Subsequently, the Court examined the reasonableness of the administrative decision per the approach outlined in Canada (Minister of Citizenship and Immigration) v. Vavilov [vi]. This case reiterated and clarified principles of judicial review mentioned in Dunsmuir v. New Brunswick[vii]. Whereas Dunsmuir emphasized the exercise of restraint during judicial review, Vavilov specifies that the process of judicial review relies not only on examination of the reasonableness of the decision but also on an appraisal of the underlying rationale behind the decision. The outcome must be reasonable as must be the decision-making process of the administrative tribunal. However, the Court mustn’t usurp the functions of the lower tribunal and re-evaluate the decision based on its own appreciation of the facts. The Superior Court of Quebec concluded that, since the Quebec judicial council decision to reprimand Mr. Braun was reasonable and logical, it could not be overturned.
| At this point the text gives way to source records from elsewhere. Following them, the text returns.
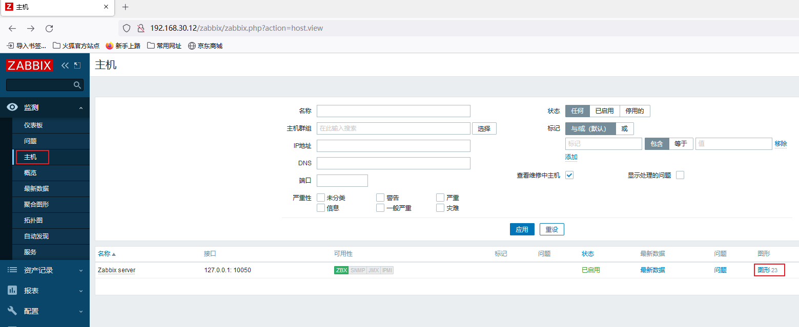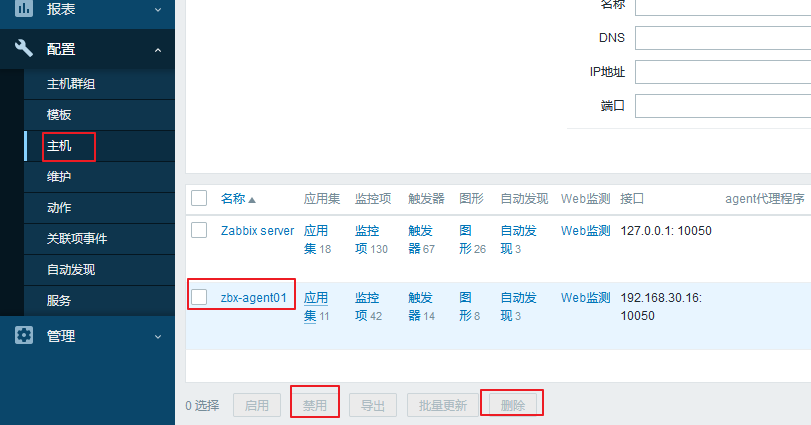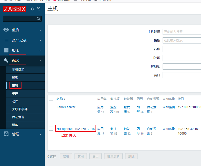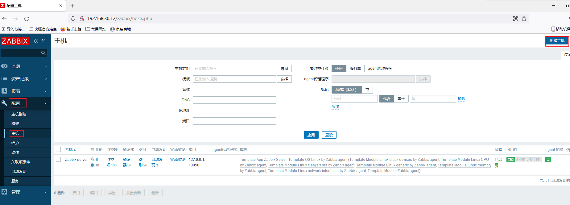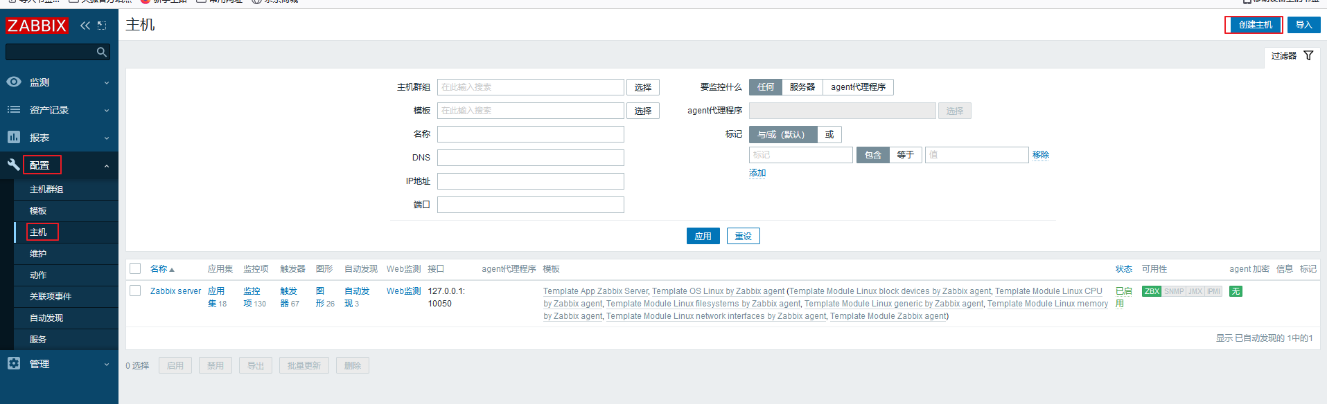 点击左边菜单栏【配置】中的【主机】,点击【创建主机】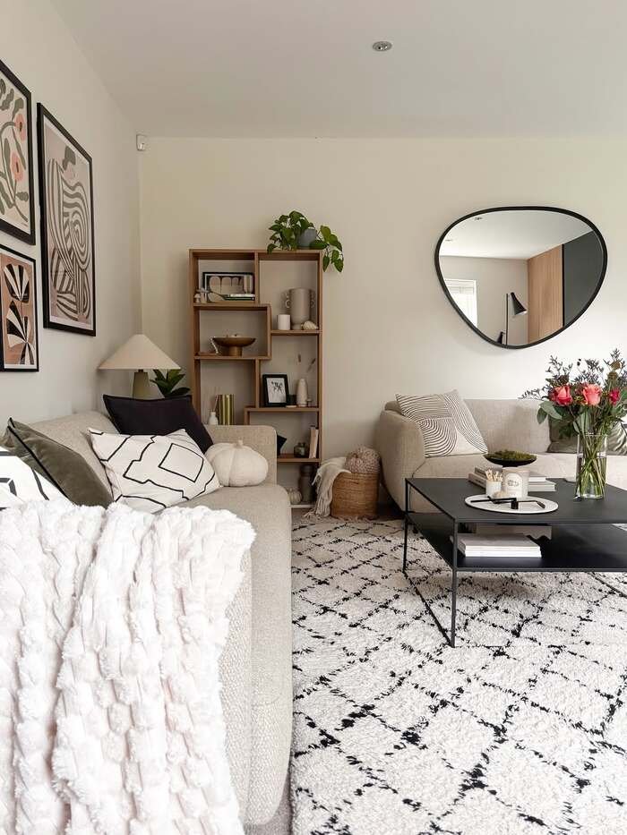 When I tried a similar setup, I messed up spacing and the art looked cramped. The fix: leave two finger widths between frames on the ledge and stagger heights so it feels collected. Keep the rug pale with a thin black motif so the wall stays the star. For easy black and white living room decor boho harmony, repeat black in small lines only, like the table base and frame edges. Add a round mirror and a hanging basket to bring in rattan warmth. It’s chill, a little cheeky, and very selfie friendly.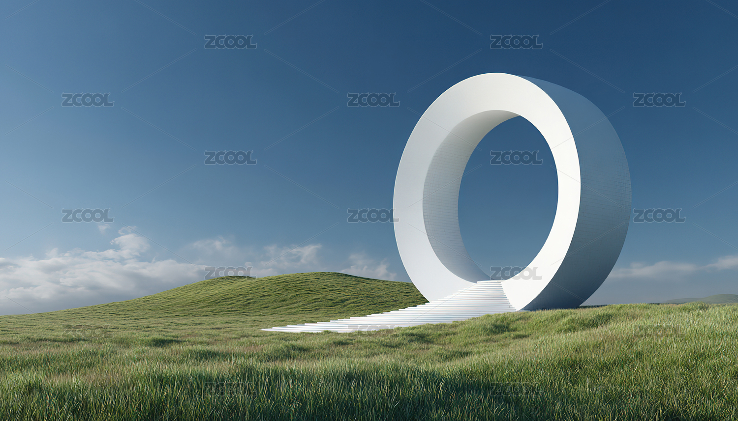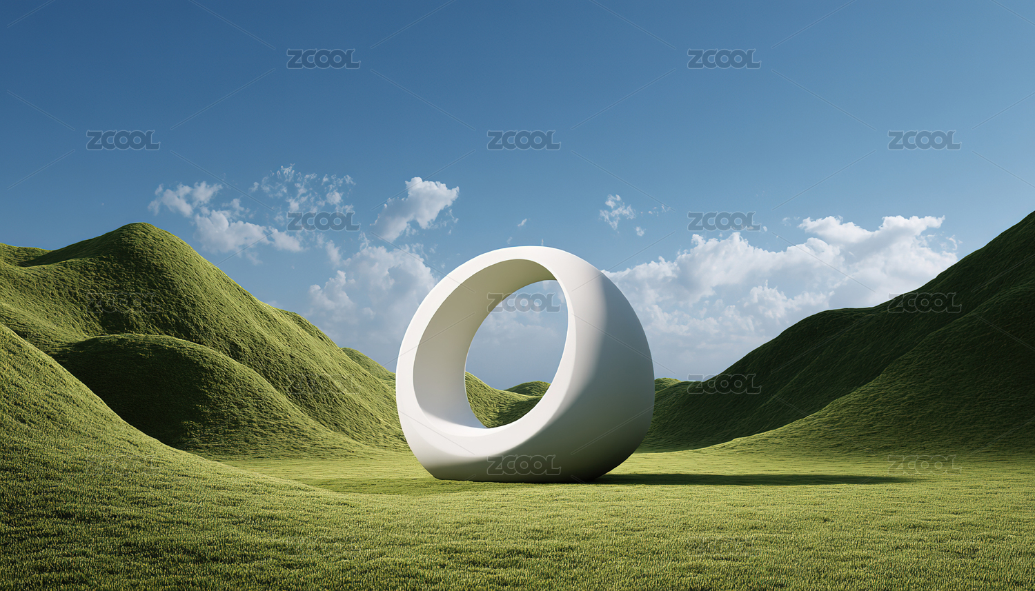 绿色丘陵上的白色环形雕塑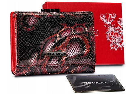 - Małą, elegancka portmonetka damska na zatrzask i bigiel odszyta ze skóry naturalnej zdobionej tłoczeniami imitującymi skórę węża. Model z rozbudowaną sekcją na karty i dokumenty. Mieści dowód rejestracyjny. Ochrona RFID STOP. Pudełko producenta.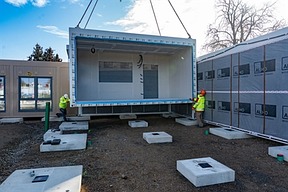 Die Gebäudemodule für den Interimsbau werden aufgestellt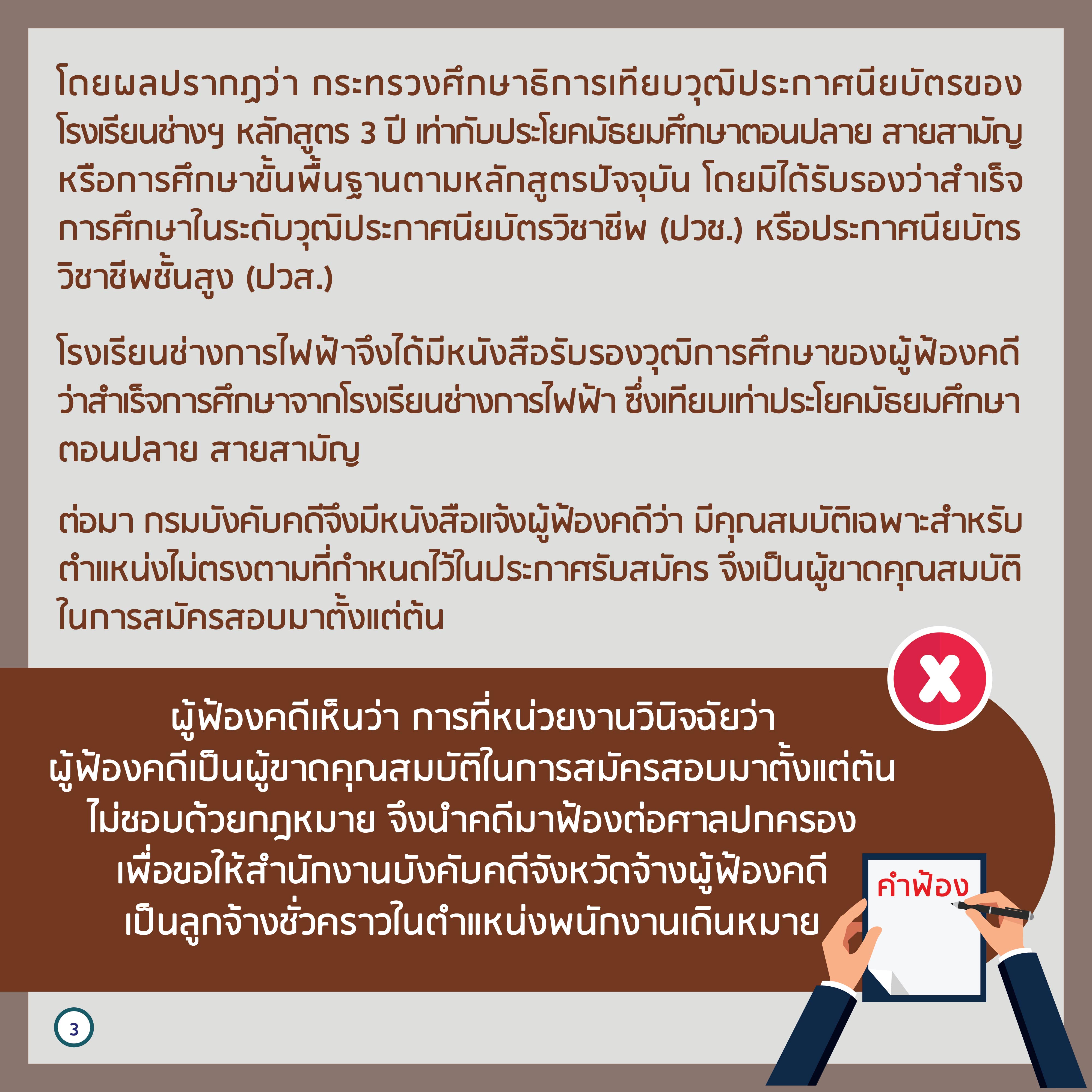 Infographic แนวคำวินิจฉัยคดีปกครอง ตอนที่ 269 ขาดคุณสมบัติ เพราะวุฒิการศึกษาไม่ตรงกับคุณสมบัติการจ้าง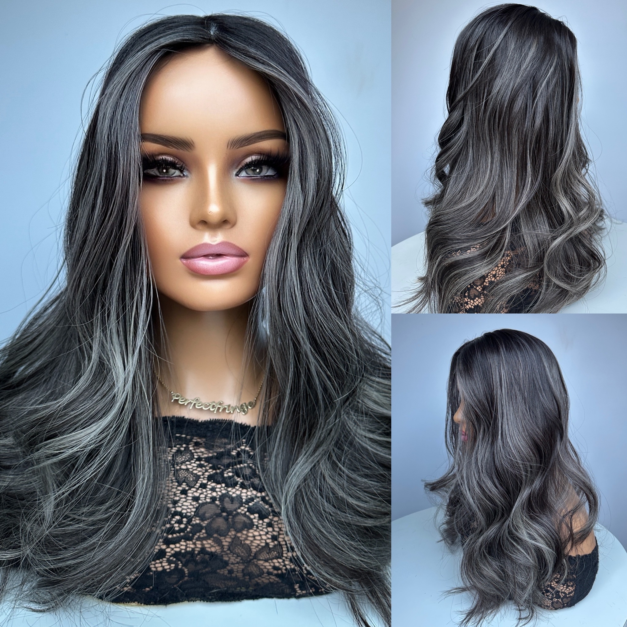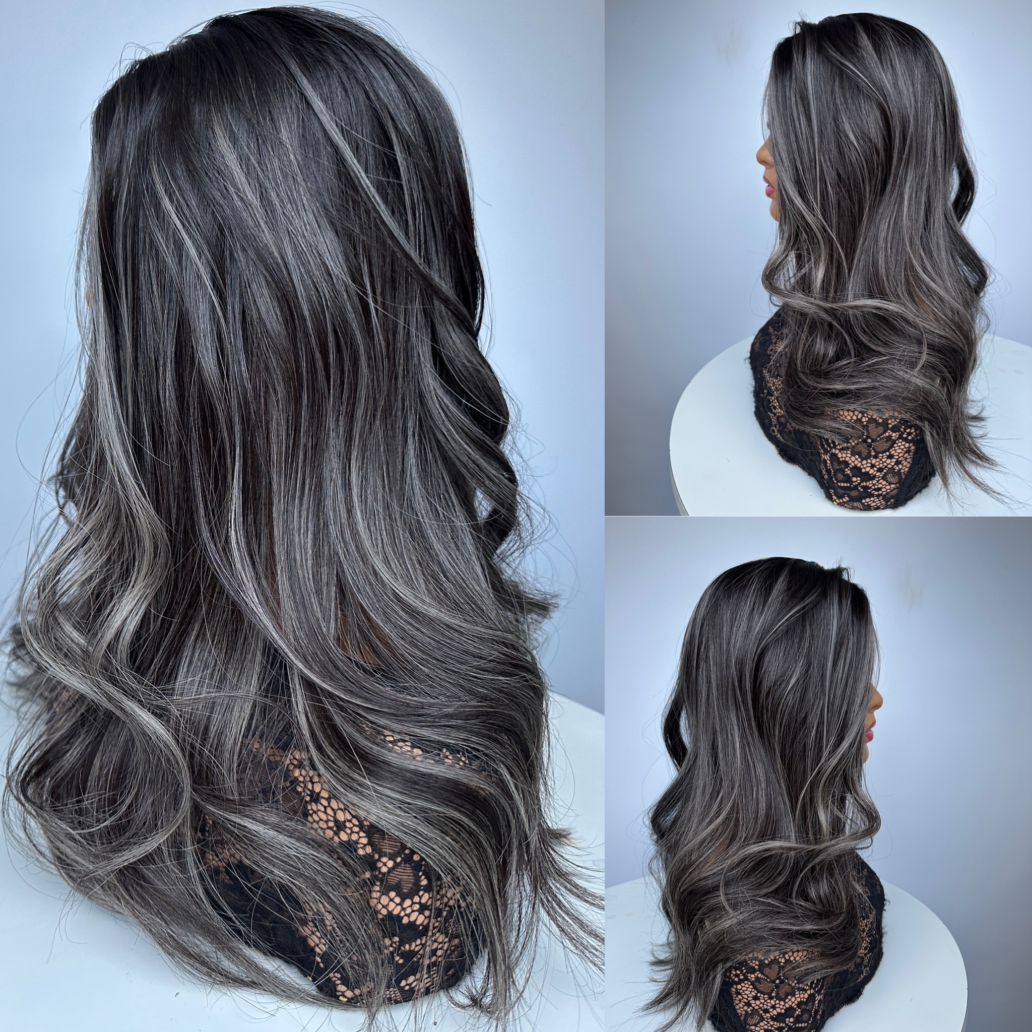 Virgin Dark/Darkest Brown with Glimmering Silver Highlights & Money Piece starting from the very top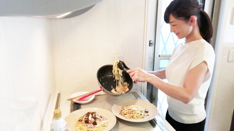 関先生「今回のペペロンチーノはきのこに味をつけて、その旨みをスパゲッティにからめるのがポイントなんです」
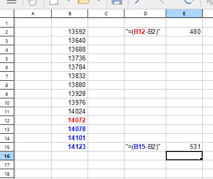 How do I reference the red and blue cells, the values in B will be added to at no fixed date and time so I can't predict B12 or B15.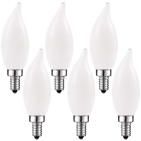 60-Watt Equivalent E12 Dimmable LED Light Bulbs Torpedo Flame Tip Glass 2700K Warm White (12-Pack)

The Court’s decision sends a strong message that sexist rhetoric is unacceptable in the courtroom by concluding that the council’s reprimand is not only reasonable but also the correct sanction. It is a laudable stance. As one of us argued, nurturing the many myths surrounding sexual violence affects the dignity of the judge’s office[viii]. Moreover, these myths have concrete impacts on the reporting of sexual violence[ix]. The stereotyped view of victims that emphasizes the innocence and naiveté of the victim has been denounced as a harmful by-product of rape culture that actively discourages reporting by survivors who may not conform to this narrow image[x]. Research has shown that these outdated attitudes reduce victim cooperation with investigators and constitute a serious obstacle to justice[xi]. The Court confirms that the council was right in reprimanding this behaviour.
The full decision can be found here.
[i] Braun c. Conseil de la magistrature du Québec, 2020 QCCS 2028.
[ii] For the written opinion, see R. c. Figaro, 2017 QCCQ 7257.
[iii] Ministre de la Justice du Québec c. Braun, 2017-CMQC-066 à 2017-CMQC-077, 2017-CMQC-080, 2017-CMQC-084, 2017-CMQC-108, online: <https://perma.cc/4YND-S9ZB>.
[iv] Michael Nguyen, « Tollé contre les propos d’un juge », Journal de Montréal, October 25, 2017, online: <https://perma.cc/22D7-9B2C>.
[v] Braun c. Conseil de la magistrature du Québec, 2020 QCCS 2028, par. 17, translated, citation omitted.
[vi] Canada (Minister of Citizenship and Immigration) v. Vavilov, 2019 SCC 65.
[vii] Dunsmuir v. New Brunswick, 2008 SCC 9.
[viii] Lessard, Michaël (2017). « Why couldn’t you just keep your knees together? » L’obligation déontologique des juges face aux victimes d’agression sexuelle. McGill Law Journal, 63(1), 155-187, online: <https://ssrn.com/abstract=3162883>.
[ix] Kelly, L., Lovett, J., & Regan, L. (2005). A gap or a chasm. Attrition in reported rape cases. Home Office Research, Development and Statistics Directorate. 31-34.
[x] Randall, M. (2010). Sexual assault law, credibility, and “ideal victims”: Consent, resistance, and victim blaming. Canadian Journal of Women and the Law, 22(2), 397-433.
[xi] Kaiser, K. A., O’Neal, E. N., & Spohn, C. (2017). “Victim refuses to cooperate”: A focal concerns analysis of victim cooperation in sexual assault cases. Victims & Offenders, 12(2), 297-322.